Britain has one of the worst records among developed countries for diagnosing brain tumours in children, according to new research.
It can take as much as three times longer to get a correct diagnosis in the UK compared to the US and Canada, researchers from a campaign aiming to raise awareness of the symptoms have said.
The Headsmart initiative is aiming to increase knowledge of the symptoms among parents and GPs, in the hope of getting a quicker diagnosis, saving lives and stopping sufferers from being disabled as a result of a tumour.
The condition is the leading cause of cancer deaths in children, but the symptoms are often mistaken for other more minor problems, meaning vital treatment time is lost.
Professor David Walker from the Children's Brain Tumour Research Centre at the University of Nottingham told Sky News: "There are two risks with delayed diagnosis; one is early death and the other one is greater brain injury.
"So the longer the delay between symptom onset and diagnosis, the greater the risk of early death and the greater the risk of brain injury which may not subsequently fully recover."
Neil and Angela Dickson, whose daughter Samantha died from a brain tumour which was not correctly diagnosed for nine months, now run a charity in her name and have helped fund Headsmart.
They have been running the Samantha Dickson Brain Tumour Trust for 14 years and regularly hear stories of brain tumours not being diagnosed quickly enough, often with tragic consequences.
Mrs Dickson said: "We were surprised that this is the second biggest cancer and it kills more adults and children under 40 than any other cancer, and yet there is not enough attention from the larger charities to do more about it."
Around 500 children and young people are diagnosed with brain tumours every year and a total of a quarter of all childhood cancers occur in the brain.
The problem for doctors is the symptoms are different depending on the child's age.

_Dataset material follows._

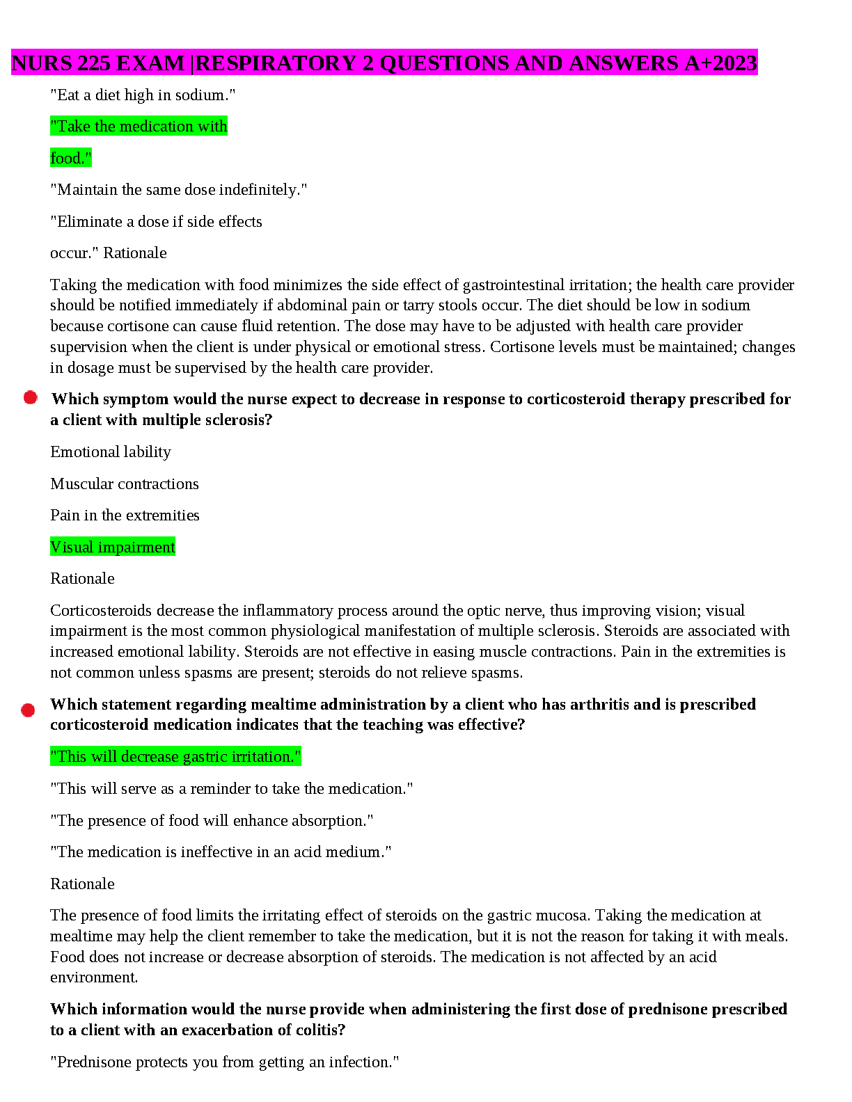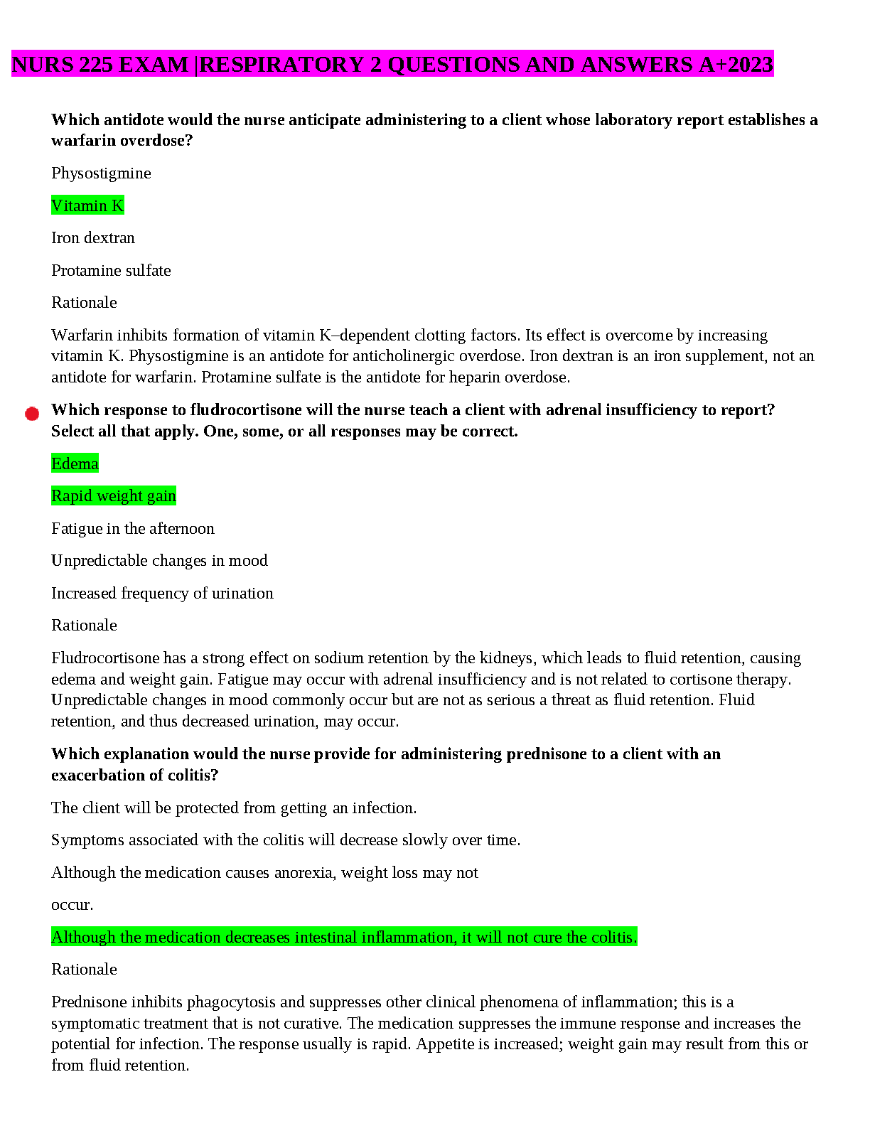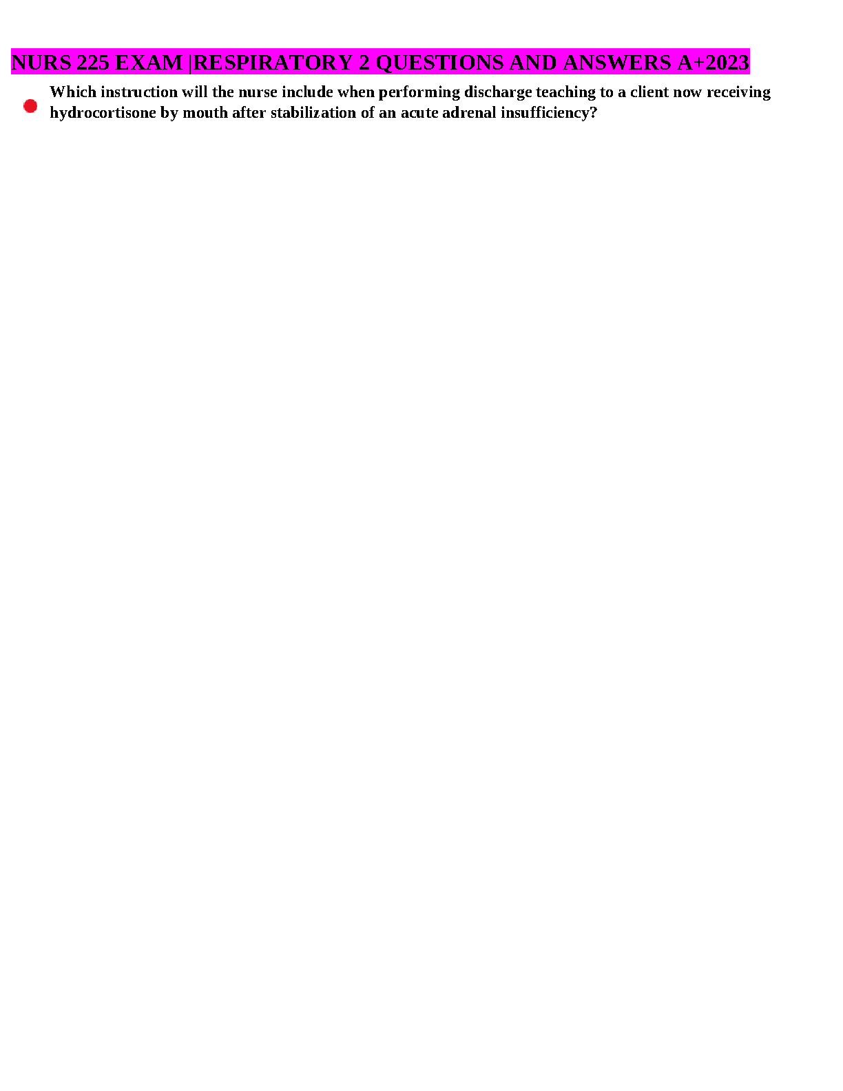 NURS 225 Exam: Respiratory 2 Questions and Answers A+ 2023 Edition by [Author Name if available, otherwise remove this part]
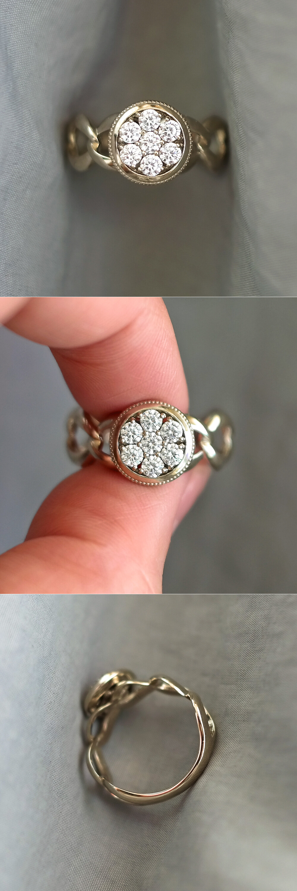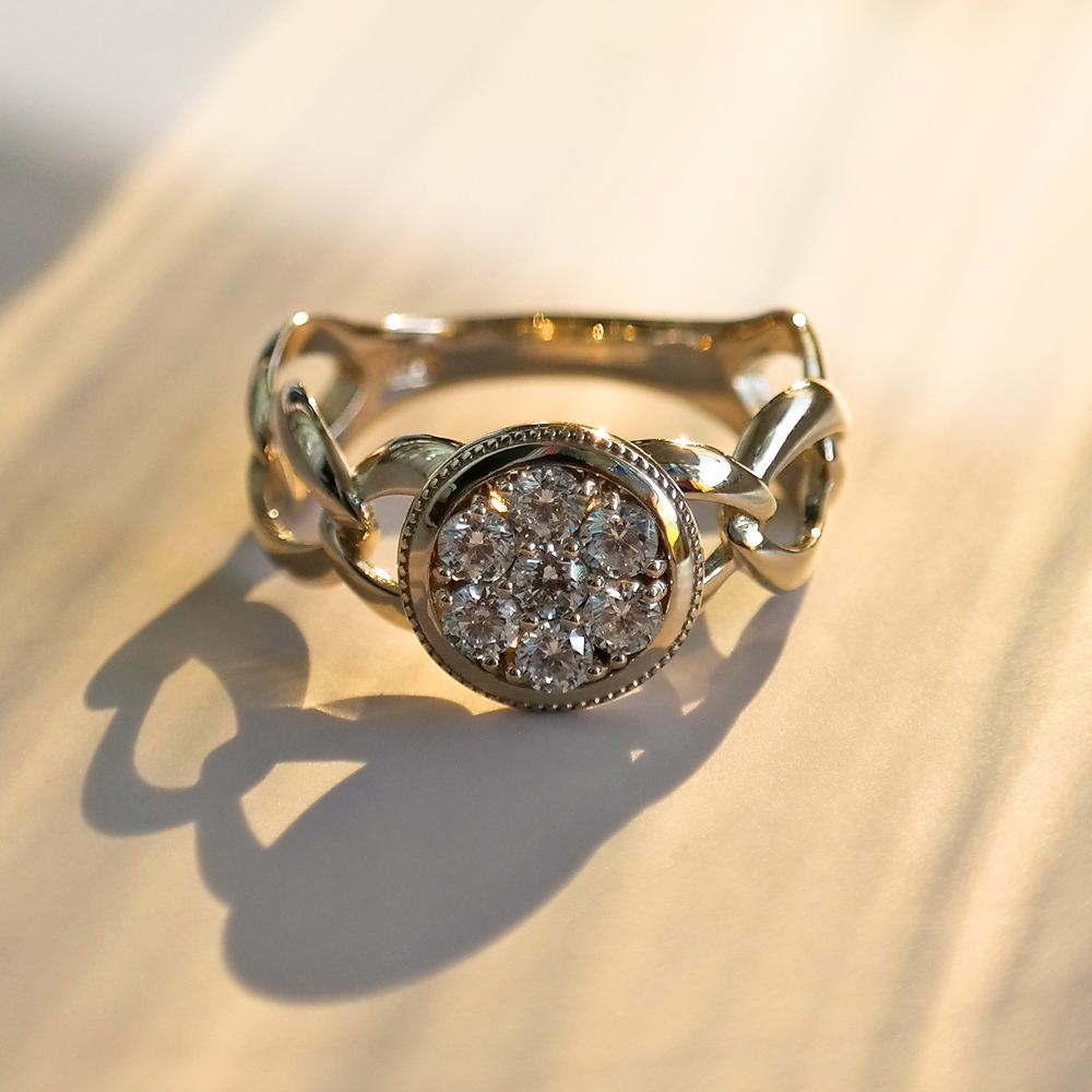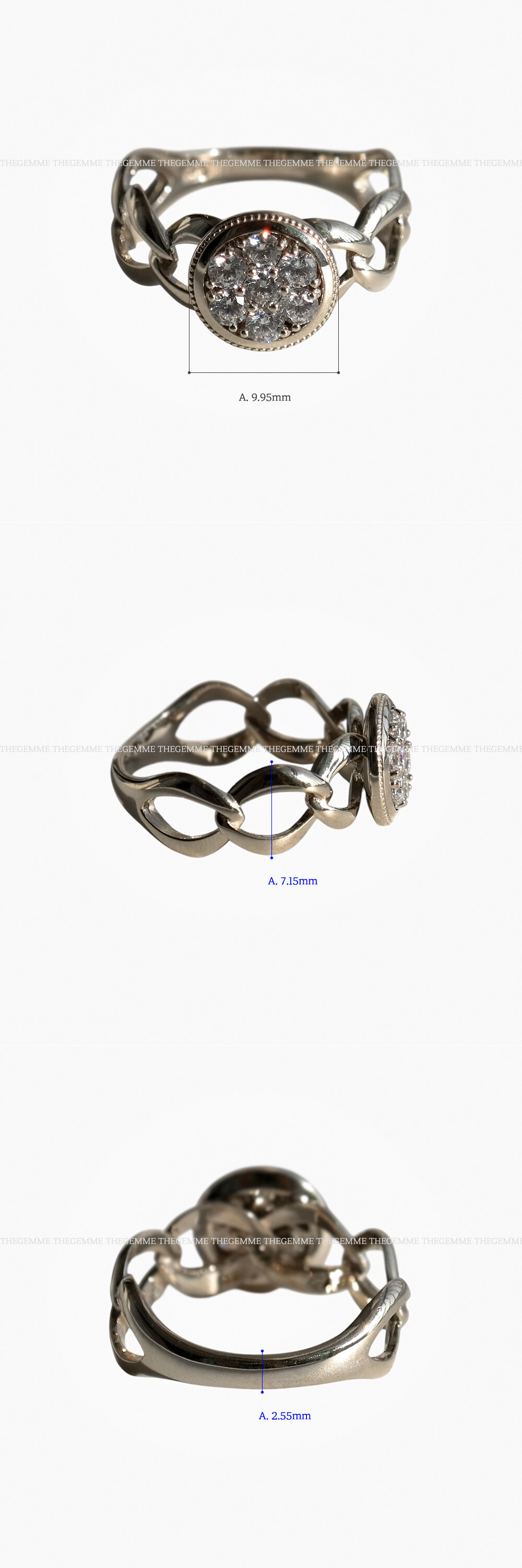 체인 밴드와 함께 유니크한 실루엣을 완성해 주는 링으로, 독특한 디자인이 시선을 사로잡아 나만의 개성을 돋보이게 해줍니다. 데일리 포인트 주얼리로도, 특별한 날의 포인트로도 잘 어울리는 디자인입니다.

The new poster and leaflet campaign outlines what to look for among different age groups.
Ryan Lee's symptoms were initially thought to be part of being a grumpy teenager.
But three weeks after he was finally diagnosed with a brain tumour, he was in a wheelchair. Ryan, from Derby, died in 2009.
His parents now accept that prior to the diagnosis he was displaying many of the key signs.
His mother Deb said: "If the schools knew more of the signs and symptoms to look for I think they would have told us that Ryan was having a lot more of these issues beforehand, and we may have taken him to the doctor a lot sooner."
The information contained in the Headsmart posters and leaflets is also available online at headsmart.org.uk .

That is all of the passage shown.